[Provided data]
=== Section Start ===

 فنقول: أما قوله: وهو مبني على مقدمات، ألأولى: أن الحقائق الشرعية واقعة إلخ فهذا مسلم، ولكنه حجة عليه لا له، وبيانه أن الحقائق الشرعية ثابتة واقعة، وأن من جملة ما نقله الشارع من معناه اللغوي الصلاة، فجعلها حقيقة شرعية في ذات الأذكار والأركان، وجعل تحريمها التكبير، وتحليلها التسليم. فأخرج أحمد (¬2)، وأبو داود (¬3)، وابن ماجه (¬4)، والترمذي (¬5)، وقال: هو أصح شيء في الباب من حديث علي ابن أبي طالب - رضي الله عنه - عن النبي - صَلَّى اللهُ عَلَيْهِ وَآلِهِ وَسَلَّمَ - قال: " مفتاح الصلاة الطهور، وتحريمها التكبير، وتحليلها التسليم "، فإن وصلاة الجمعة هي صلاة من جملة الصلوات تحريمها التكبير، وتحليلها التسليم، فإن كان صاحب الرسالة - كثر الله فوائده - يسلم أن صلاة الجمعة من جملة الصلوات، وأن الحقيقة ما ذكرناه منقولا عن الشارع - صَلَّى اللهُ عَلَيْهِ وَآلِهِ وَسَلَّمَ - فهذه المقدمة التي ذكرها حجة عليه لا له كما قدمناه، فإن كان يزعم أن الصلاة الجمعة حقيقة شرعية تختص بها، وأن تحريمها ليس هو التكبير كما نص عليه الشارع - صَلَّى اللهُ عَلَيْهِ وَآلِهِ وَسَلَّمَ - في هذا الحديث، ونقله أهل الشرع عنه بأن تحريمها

=== Section End ===
=== Section Start ===

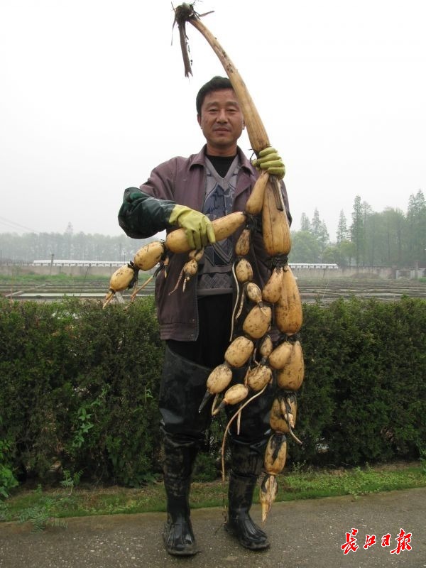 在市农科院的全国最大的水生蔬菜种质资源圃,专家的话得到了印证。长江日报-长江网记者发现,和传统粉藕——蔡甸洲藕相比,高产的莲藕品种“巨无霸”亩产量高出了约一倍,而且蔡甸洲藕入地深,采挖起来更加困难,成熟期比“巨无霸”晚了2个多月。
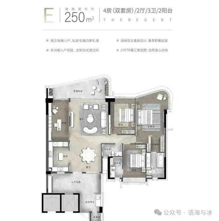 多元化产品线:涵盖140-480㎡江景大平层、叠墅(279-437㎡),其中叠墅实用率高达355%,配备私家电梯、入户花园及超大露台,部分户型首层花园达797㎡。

=== Section End ===
=== Section Start ===

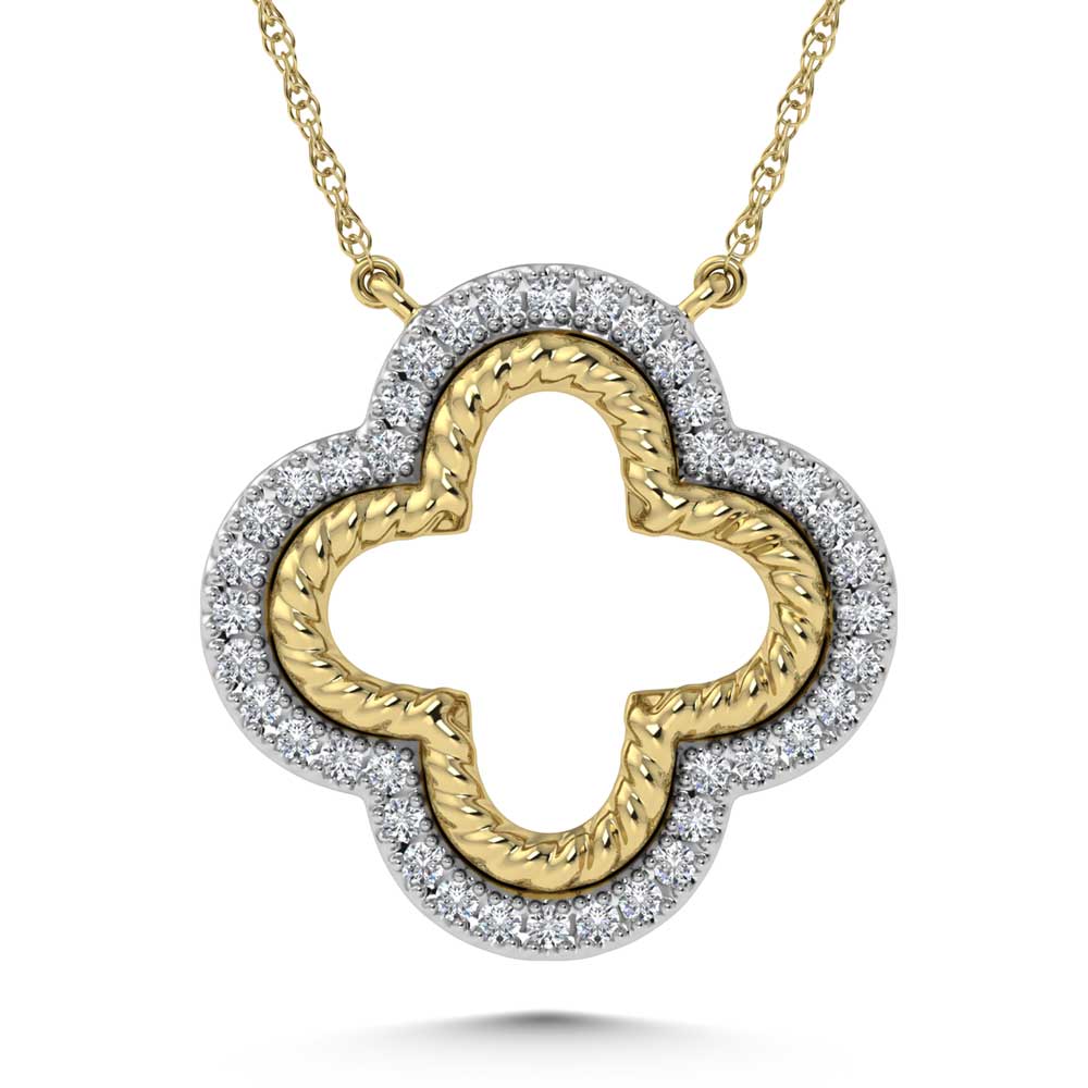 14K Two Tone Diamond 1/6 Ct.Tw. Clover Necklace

=== Section End ===

[Exercise objective]
Look above for the line with "在市农科院的全国最大的水生蔬", then give again exactly every line from there through the line with "多元化产品线:涵盖140-4", skipping the pictures.

[Exercise result]
 在市农科院的全国最大的水生蔬菜种质资源圃,专家的话得到了印证。长江日报-长江网记者发现,和传统粉藕——蔡甸洲藕相比,高产的莲藕品种“巨无霸”亩产量高出了约一倍,而且蔡甸洲藕入地深,采挖起来更加困难,成熟期比“巨无霸”晚了2个多月。
 多元化产品线:涵盖140-480㎡江景大平层、叠墅(279-437㎡),其中叠墅实用率高达355%,配备私家电梯、入户花园及超大露台,部分户型首层花园达797㎡。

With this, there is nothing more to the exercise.